Mitch- Your Birth Story

When I was pregnant, I was obsessed with reading other’s birth stories. Now, I feel like it is only fair that I write one of my own.
 

To Mitch- 

It is ironic that you were born the week of the April General Conference. A year earlier- your father and I had received the inspiration that we needed to start trying to have a child much earlier than we had originally planned. We followed Heavenly Father’s counsel and had faith that it would work out. Now we have you!

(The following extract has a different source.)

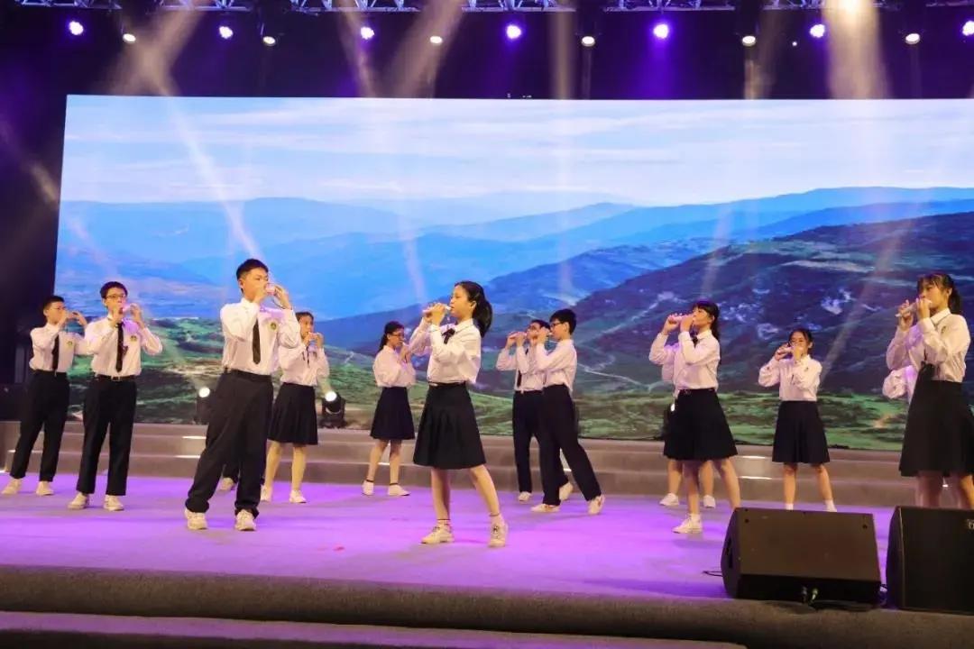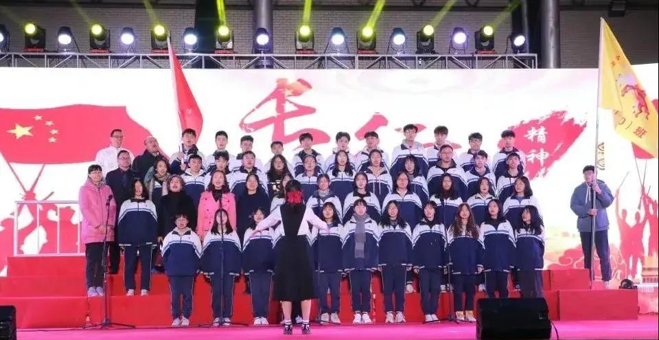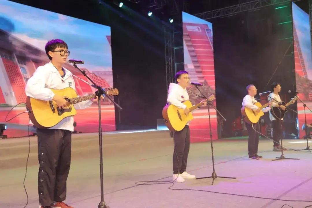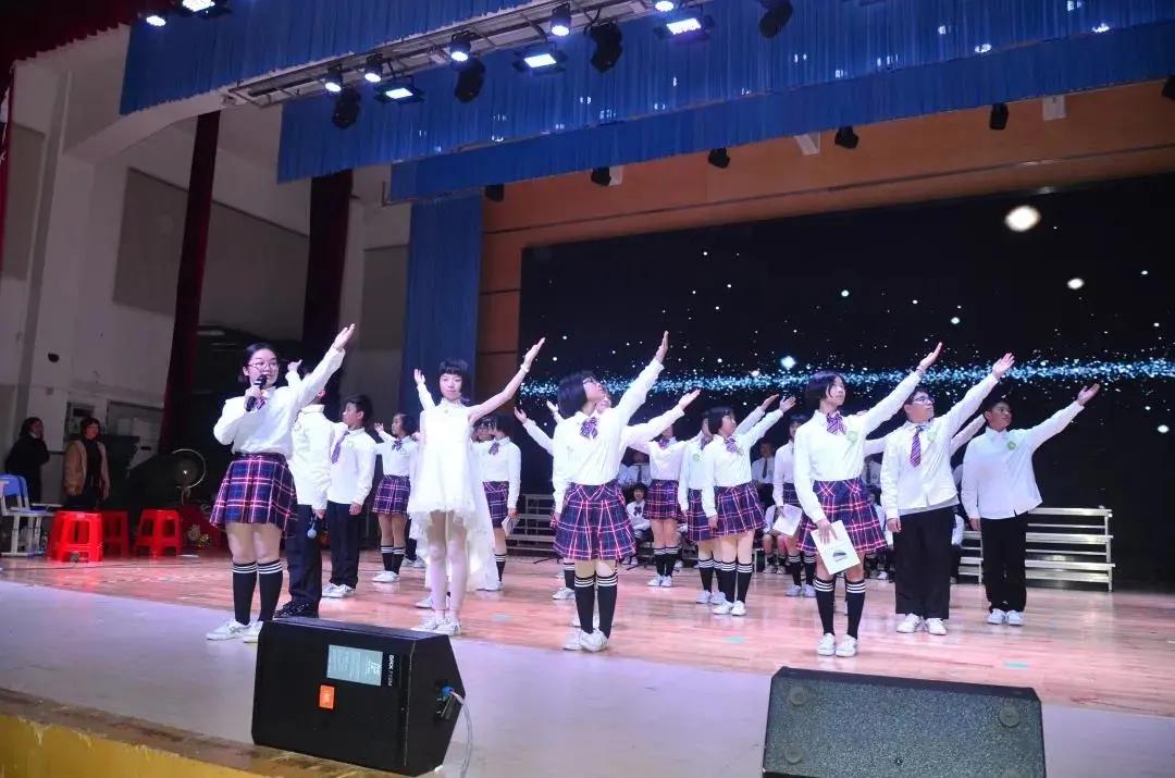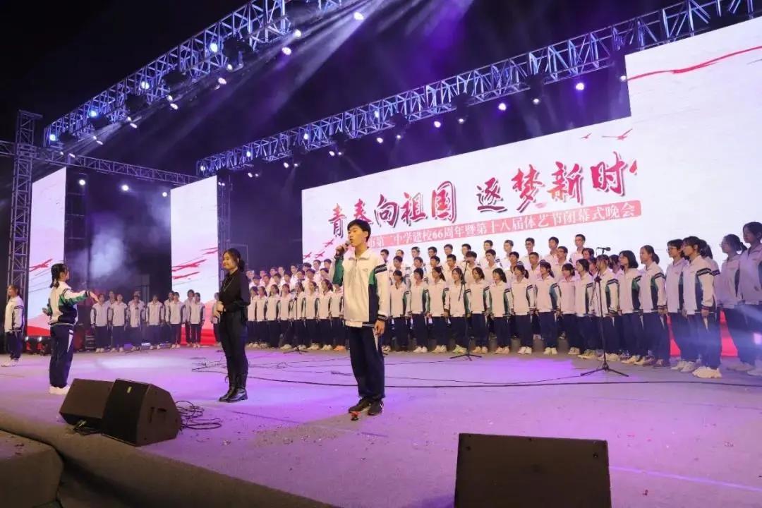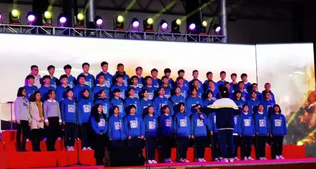 率先上场的是狮高合唱队,一首《红旗飘飘》,一首《爱我中华》将现场气氛点燃。然后是全校30个班级合唱曲目,每个班级均邀请科任教师上台,师生同唱一首歌,展现了狮高师生之间和谐友爱之情。

Your due date was March 24, 2016. I thought you would come early, but you apparently had other ideas. You decided to come late.  Every morning that week, I would wake up and check to see if my water had broke. Every morning, I was disappointed. I went into work on the 25th and it was one of the most miserable days because I didn’t expect to be there. You silly goose! You kept us guessing from the very beginning.


Your dad and I went into my doctor’s appointment on the 25th. I still had not made any progress from the week before and was still only 1.5cm. We set a day for you to be induced. This made me so sad. I wanted you to come naturally. I wanted to experience what birth really felt like. I wanted to wake up your dad in the middle of the night and let him know that it was time to go to the hospital. Every morning after that doctor’s appointment, I would wake up your father crying because I was still pregnant.


On Sunday, we tried everything we could to get you to come. One of the things that people suggested was walking on a curb (one foot on, one foot off).  We walked all the way down the street doing this. Then, we walked up the hill right next to our house. Then, we went on a bumpy ride to visit your Uncle Gregory.


While visiting your uncle and aunt, I started not feeling the best. We came home and got ready for bed. I started having back pains. It was weird because they would come and go. I started timing them around 9pm. They started about 5 minutes apart, but were only lasting for about 20-30 seconds. They finally followed the 5-1-1 rule. (Contractions being 5 minutes apart, lasting 1 minute for 1 hour). We decided to go to the hospital. This was about midnight. We went in and our nurse (Brigette) gave us the wonderful news that I was still only 1.5 cm dilated. She told us that we would check again in an hour to see if I had made any progress. An hour passed…and guess what! I was still only 1.5 cm. The machine that was hooked onto my belly was telling us that I was having contractions (so I knew I wasn’t completely crazy), but they weren’t making any progress in getting you here. We were sent home sometime around 3 a.m.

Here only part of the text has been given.